Trajectory and Passive Beamforming Design for IRS-aided Multi-Robot NOMA Indoor Networks
This work addresses the problem of maximizing data rates for mobile robots in indoor environments, which is an incremental improvement for wireless communication systems.
This paper proposes an intelligent reflecting surface (IRS)-aided multi-robot network to maximize the sum-rate of robots served by an access point using non-orthogonal multiple access (NOMA). The Dueling Double Deep Q-Network (D3QN) algorithm is used to jointly optimize robot trajectories, NOMA decoding orders, IRS reflecting coefficients, and AP power allocation, outperforming conventional algorithms and OMA networks.

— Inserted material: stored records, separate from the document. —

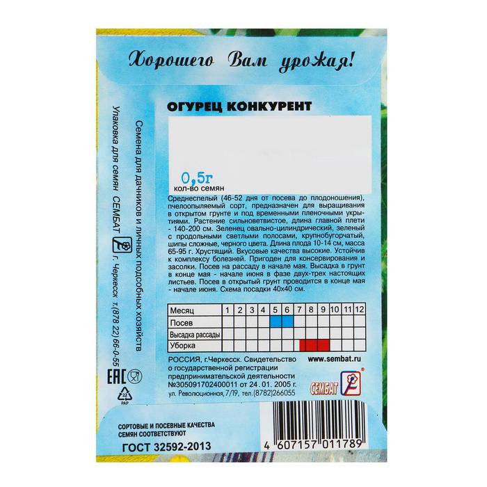 Раннеспелый пчелоопыляемый сорт для выращивания в открытом грунте и под временными пленочными укрытиями. Растение сильноветвистое, длина главной плети достигает 2м. Огурчики имеют правильную овально-цилиндрическую форму, зеленого цвета с продольными светлыми полосами, хрустящие, длина плода 10-14см, диаметр 3,5-5см, масса плода 70-100г. Поверхность огурца крупно-бугорчатая, опушение черное (редкое). Хрустящие плотные плоды не имеют горького вкуса, поэтому идеально подходят как для употребления в свежем виде и приготовления салатов, так и для засолки.
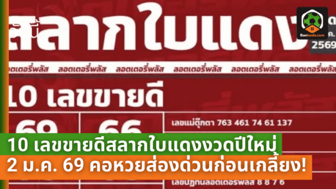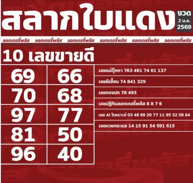 ใกล้ถึงจังหวะลุ้นโชครับปีใหม่กันแล้ว งวดนี้บอกเลยว่าคอหวยทั่วประเทศจับตาไปที่ 10 เลขขายดี สลากใบแดง งวดวันที่ 2 มกราคม 2569 กันแน่นขนัด ใครที่ยังไม่มีลอตเตอรี่ในมือ แต่ใจมันเรียกร้องอยากลุ้น อยากลองเผื่อได้จับเงินก้อนใหญ่ เวลากำลังนับถอยหลังแบบนี้ยิ่งต้องรีบเช็กให้ชัวร์ว่าเลขที่เล็งไว้ยังไม่หมดแผง หรือมีเลขไหนน่าสนใจให้ตามกระแสเพิ่มก่อนถึงวันออกรางวัลจริง
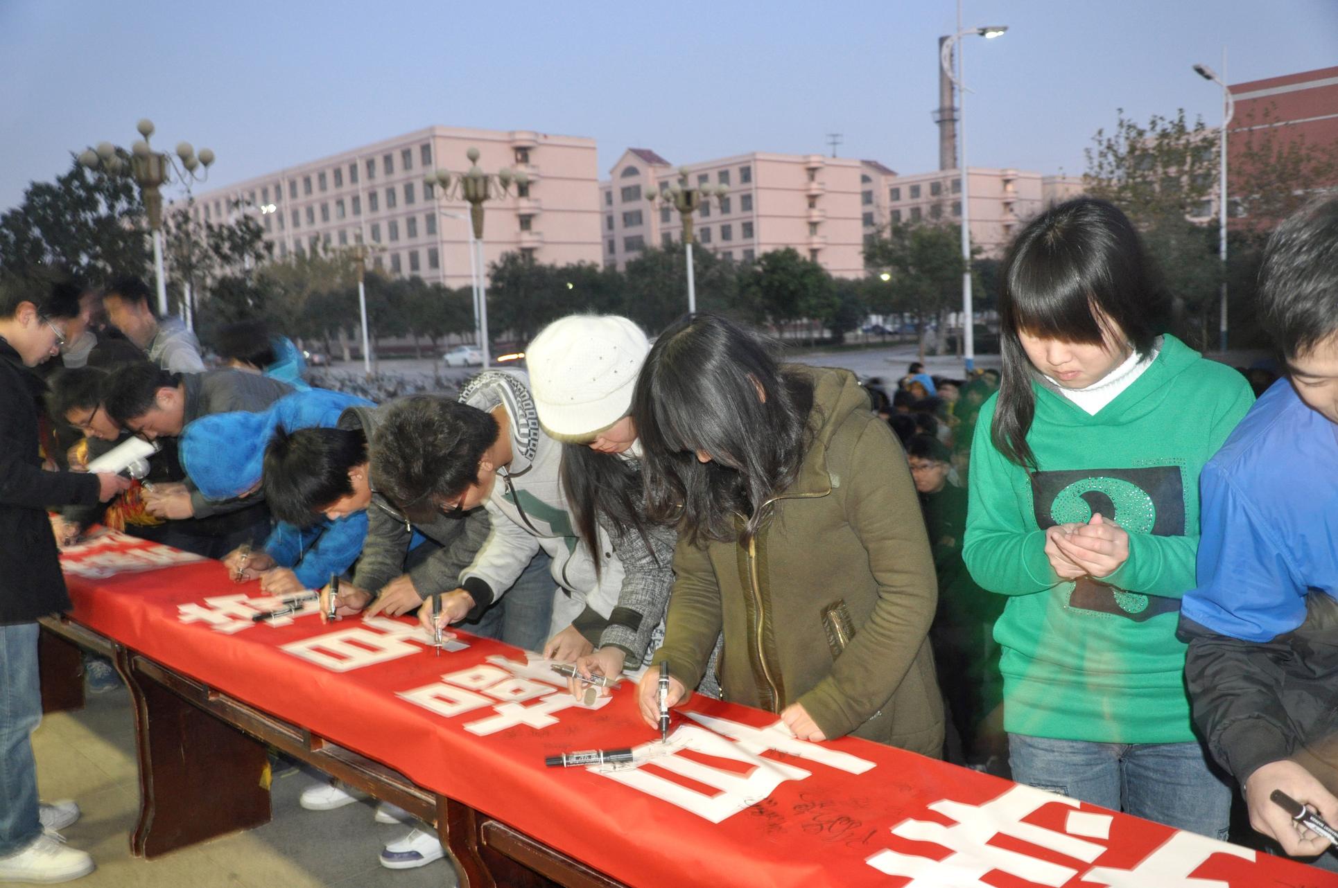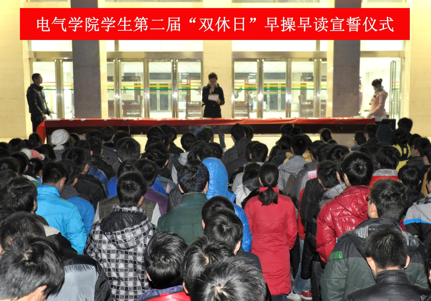 11月30日上午6:30,5g影院 2013级学生自发组织的第二届“双休日”早操早读宣誓仪式在三号教学楼前举行。该院2013级459名自愿参加“双休日”早操早读学生参加宣誓仪式。
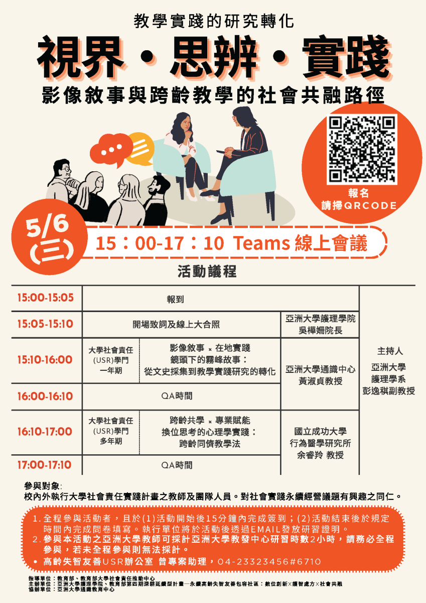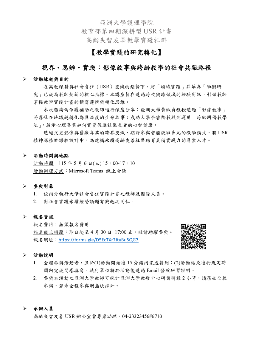 【亞洲大學】115/05/06教學實踐的研究轉化─視界・思辨・實踐:影像敘事與跨齡教學的社會共融路徑 活動資訊

A novel intelligent reflecting surface (IRS)-aided multi-robot network is proposed, where multiple mobile wheeled robots are served by an access point (AP) through non-orthogonal multiple access (NOMA). The goal is to maximize the sum-rate of all robots by jointly optimizing trajectories and NOMA decoding orders of robots, reflecting coefficients of the IRS, and the power allocation of the AP, subject to the quality of service (QoS) of each robot. To tackle this problem, a dueling double deep Q-network (D^{3}QN) based algorithm is invoked for jointly determining the phase shift matrix and robots' trajectories. Specifically, the trajectories for robots contain a set of local optimal positions, which reveals that robots make the optimal decision at each step. Numerical results demonstrated that the proposed D^{3}QN algorithm outperforms the conventional algorithm, while the performance of IRS-NOMA network is better than the orthogonal multiple access (OMA) network.